Fidelity Bank records 7.8% rise in deposit
Fidelity Bank Plc has announced a deposit base of N829.9 billion for the half year ended June 30, 2016.
According to a statement by the company, the deposit base grew by 7.8 per cent when compared with N769.6 billion achieved in 2015. Its net loans rose by 23 per cent to N711 billion against N578.2 billion in the comparative period.
The company explained that the net loans growth demonstrated the bank’s commitment towards supporting critical sectors of the economy.
However, the bank posted a decline of 2.6 per cent and 35.0 per cent in its gross earnings and profit before tax (PBT) respectively.
It explained that total assets increased by 13.5 per cent to N1.39 trillion from N1. 23 trillion in 2015, while total expenses rose by 10 per cent to N31.7 billion from N28.8 billion in the preceding period of 2015.
The bank’s operating income increased to N43.6 billion from N42.0 billion in the preceding year, representing a 3.6 per cent increase.
The Managing Director of the bank, Nnamdi Okonkwo explained that the financial performance was a reflective of the general slowdown in business activities due to lower government revenues.
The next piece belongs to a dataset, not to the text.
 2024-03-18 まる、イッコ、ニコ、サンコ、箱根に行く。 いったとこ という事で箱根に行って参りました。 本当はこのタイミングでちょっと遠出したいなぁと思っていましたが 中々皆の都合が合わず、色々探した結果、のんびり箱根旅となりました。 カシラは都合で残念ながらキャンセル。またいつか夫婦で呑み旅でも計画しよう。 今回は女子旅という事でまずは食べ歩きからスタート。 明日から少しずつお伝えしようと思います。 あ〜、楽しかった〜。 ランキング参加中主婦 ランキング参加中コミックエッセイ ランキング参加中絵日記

Okonkwo said that rising inflation rate, lower disposable income and tougher operating environment for most sectors of the economy and the impact of the devaluation on asset quality contributed to the financial performance.
“Despite the headwinds above, we continued with the disciplined execution of our medium term strategy and recorded decent growth on key operational metrics; deposits, loans, net interest income, electronic banking income and operating income”, Okonkwo said.
“We have taken a very prudent view of the impact of the currency devaluation, tougher operating environment and declining consumer disposable income on selected sectors of our loan portfolio”, he said.
The managing director said the bank would continue to ensure that its regulatory ratios remained above the regulatory thresholds.
“Our other regulatory ratios (liquidity ratio and capital adequacy ratio) remained above the set thresholds though capital adequacy ratio declined to 16.3 percent principally driven by the growth in our loan book and other earning assets.
“Key objectives for the 2016 full year remains; redesigning our systems and processes to enhance service delivery, cost optimisation initiatives to reduce expenses by 5.0 percent,” Okonkwo stated.
He added that the bank would pursue proactive risk management, increase customer adoption to its digital platforms and enhance retail banking to boost market share.